It’s only been within the last 10 years that I watched HEATHERS for the first time. Ironically enough, my mom, who isn’t known for being the biggest fan of films that showcase excessive violence, was the one who showed me the movie. She herself is a fan of the film, and though it was my first time watching the cult-classic, I had known about its existence for quite some time. Recently, it was brought to my attention that a musical parody of HEATHERS existed and luckily for me, I didn’t have to look far to find a performance!

For those not familiar with HEATHERS THE MUSICAL, or the film, the fine folks over at Klubhouse Arts gave a terrific summary of what their show entails:

“HEATHERS THE MUSICAL is the darkly delicious story of Veronica Sawyer, a brainy, beautiful teenage misfit who hustles her way into the most powerful and ruthless clique at Westerberg High: the Heathers.

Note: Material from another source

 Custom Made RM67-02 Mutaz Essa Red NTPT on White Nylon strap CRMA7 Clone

But before she can get comfortable atop the high school food chain, Veronica falls in love with the dangerously sexy new kid J.D. When Heather Chandler, the Almighty, kicks her out of the group, Veronica decides to bite the bullet and kiss Heather’s aerobicized ass…but J.D. has another plan for that bullet. HEATHERS THE MUSICAL is a hilarious, heartfelt, and homicidal new show based on the greatest teen comedy of all time. With its moving love story, laugh-out-loud comedy, and unflinching look at the joys and anguish of high school, HEATHERS is sure to win you over. Are you in or are you out?”

Combining a tremendous live performance mixed with cheeky song lyrics and immersive elements, HEATHERS THE MUSICAL has become one of my favorite experiences of the year. I have found myself becoming more and more of a fan of introducing immersive elements into theatrical shows as I think it’s a great way to introduce people to what immersive is. In regards to HEATHERS THE MUSICAL, these immersive elements were very light and mostly centered around interaction with the audience, which mainly happened at the beginning of the show.

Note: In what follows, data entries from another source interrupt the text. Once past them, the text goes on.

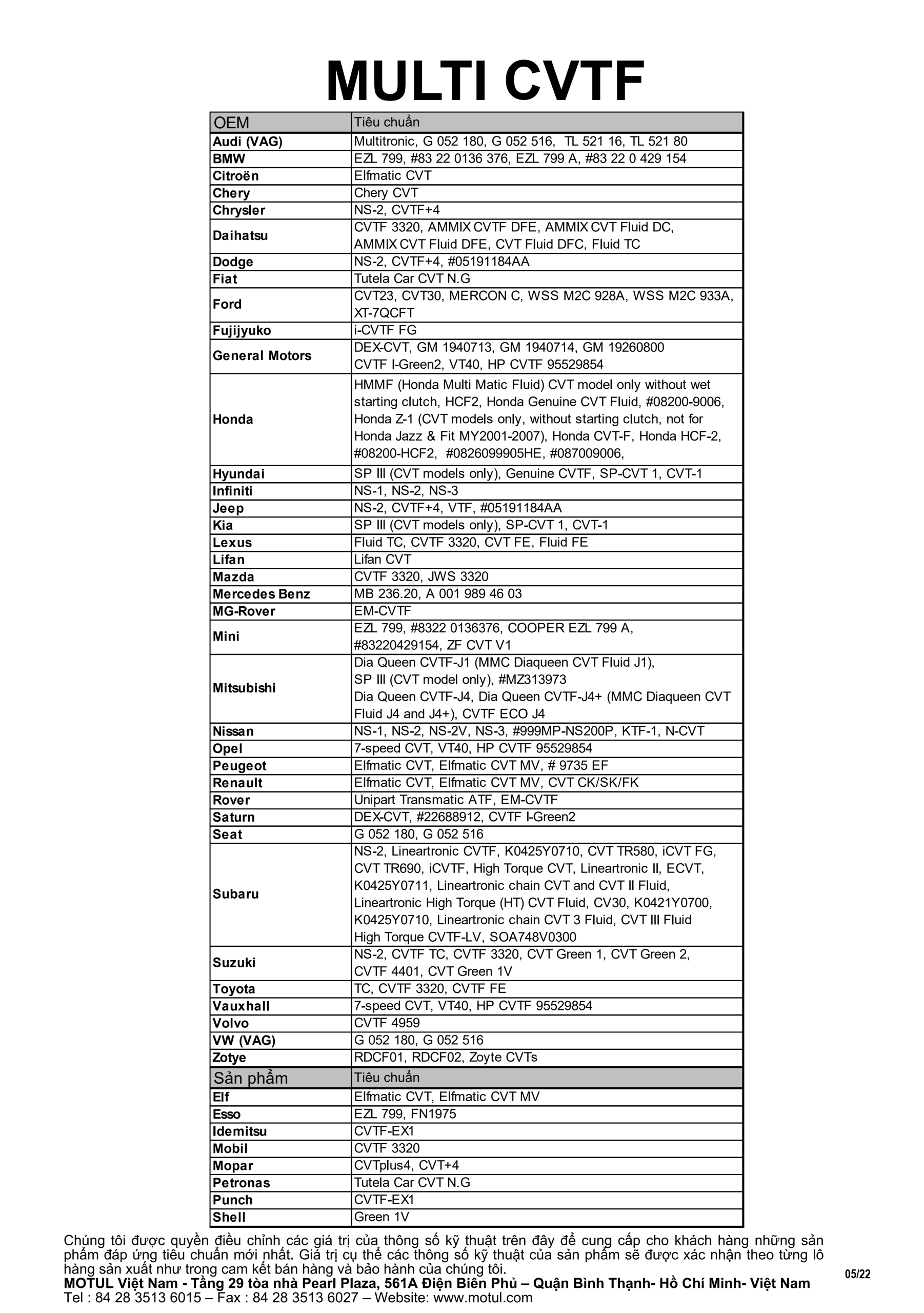 - MOTUL MULTI CVTF là dầu hộp số vô cấp CVT công nghệ cao dành cho hộp số CVT trang bị trên xe hơi với thiết kế dây đai và xích truyền động.
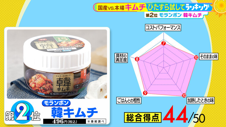 第2位は、モランボンの『韓キムチ』(税込496円 ※番組調べ)。
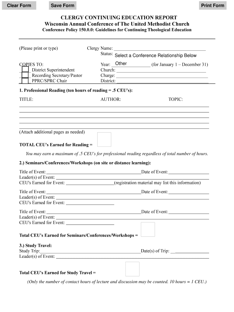 The Clergy Continuing Education Report is a document used by clergy members in Wisconsin to report their continuing theological education activities for the year.
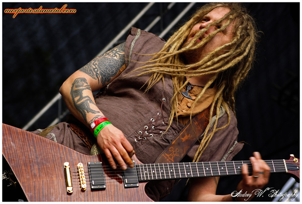 A Korpiklanni d'entamer son show. Encore une fois, ce groupe ne m'attire pas des masses. Une chose me dérange chez eux, mais j'en ai quand même profité pour les shooter et tendre une oreille. Plus festif tu meurs, les Finlandais savent mettre l'ambiance. Les Autrichiens sont regroupés en masse devant la Mainstage. Le show débute avec le titre « Vodka », c'est bien rentre dedans et ça nous montre la couleur du spectacle que va nous offrir le groupe. Le chanteur demandera quelle chanson le public veut entendre et bien sûr c'est la cultisme « Beer, Beer » qui sera réclamée. Ils la joueront quelques morceaux plus tard, envoyant des bières au public, buvant de la vodka à tout va, ce sont bien des Finlandais !! Petit bémol le violoniste est beaucoup trop en retrait par rapport au reste du groupe, bien qu'il joue sur chaque morceau, il reste trop figé.
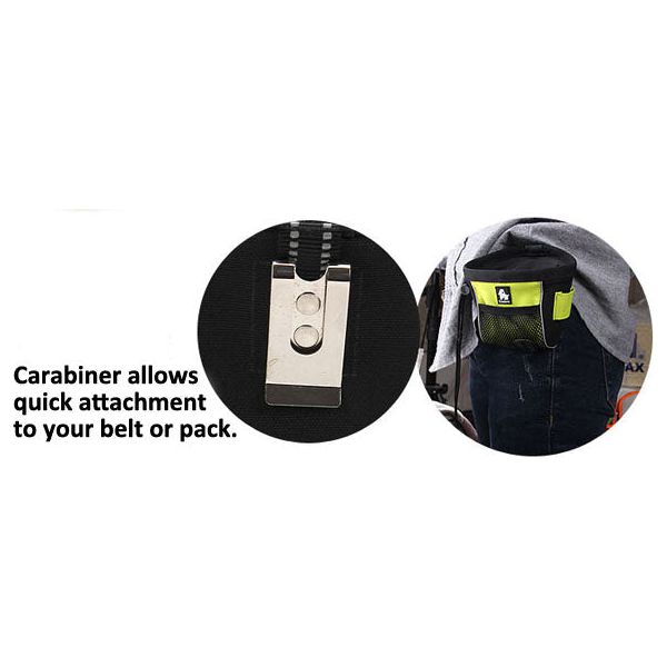 You can attach your Dog's leash, secure your water bottle (included) and store your keys, mobile phone and waste bags in the two waterproof zipper pockets.
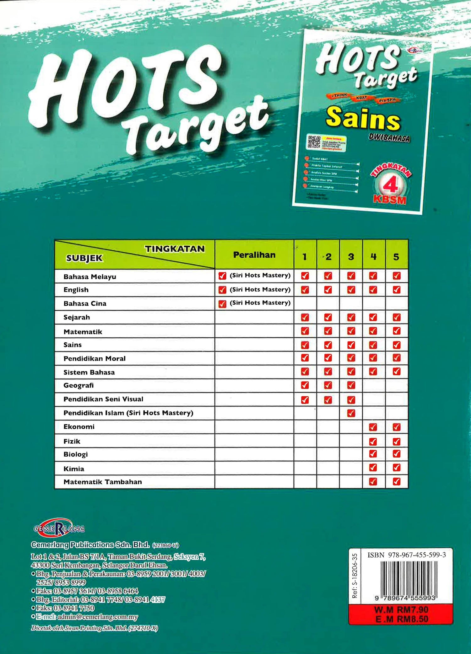 Buku latihan Sains (Dwibahasa) Tingkatan 4 yang dilengkapi dengan nota informatif padat, latihan dalam bentuk modul beserta jawapan lengkap. Sesuai untuk i-Think, KBAT dan DSKP.
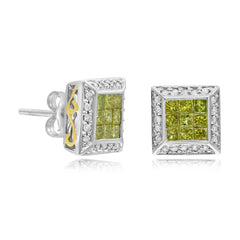 0.98 ct. Yellow & White Diamond 14K White Gold Stud Earrings
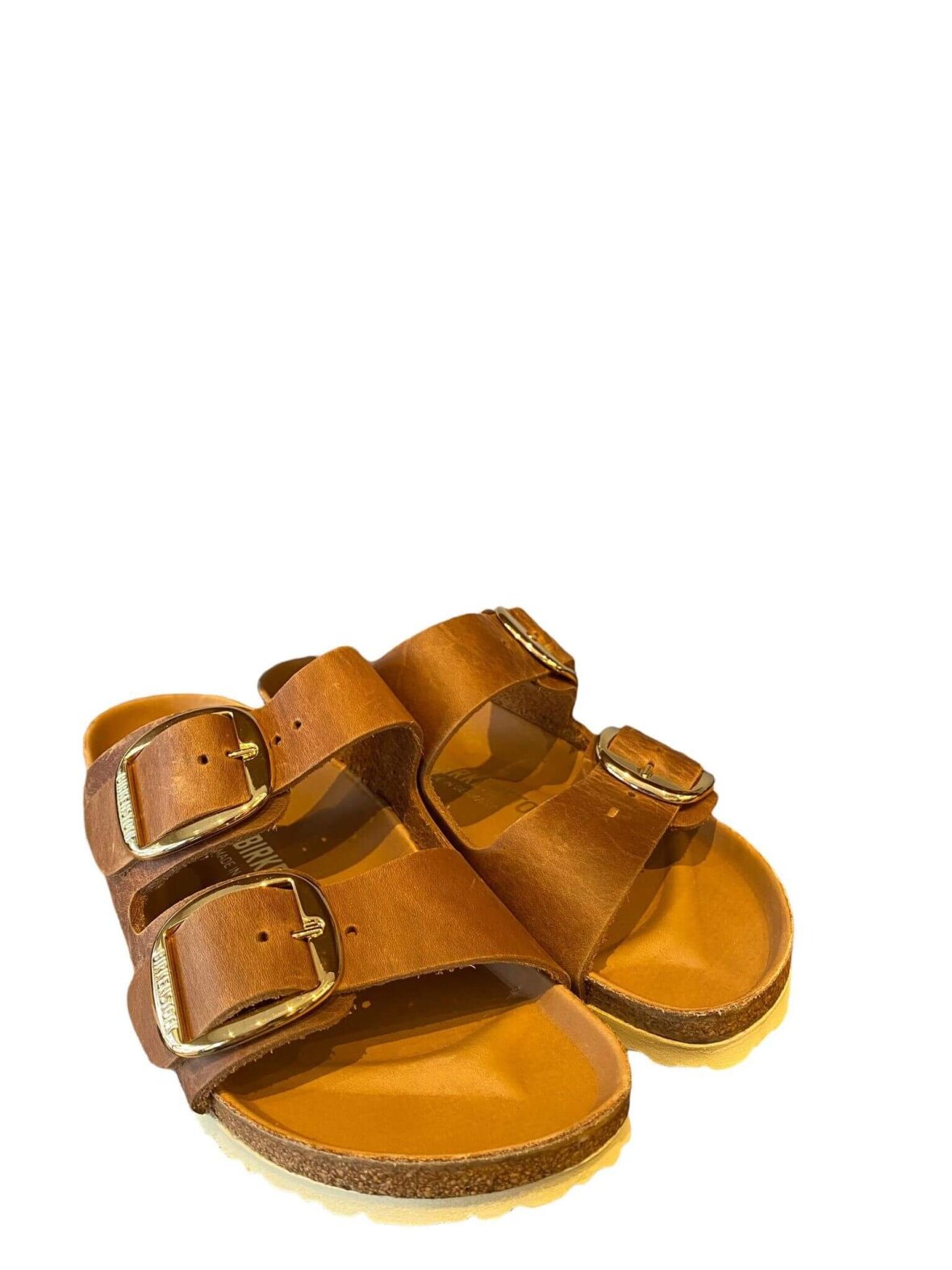 Birkenstock sandal - Arizona Big Buckle i cognac farvet olieret skind, med dekorative dornspænder i "guld". Anatomisk formet kork-latex-fodseng der er betrukket med blødt glat skind i matchende farve. Vidde: Narrow Fit

The pre-show allowed the audience to become familiar with the characters as they made their way around the stage and in and throughout the audience seating. My boyfriend and I had a blast interacting with the high school football coach as well as Jo, the goth girl that everyone was afraid of. This element really allowed for more personal engagement and though it didn’t happen often, it was enough to make guests feel as if they were a part of the show. Those who didn’t want to interact were given the option of wearing a mask which signaled that they were just there to watch the show. I think having both options available was a great way to make people feel comfortable and if any of the guests weren’t sure what the immersive aspect was, there was always someone on staff who was happy to explain things further.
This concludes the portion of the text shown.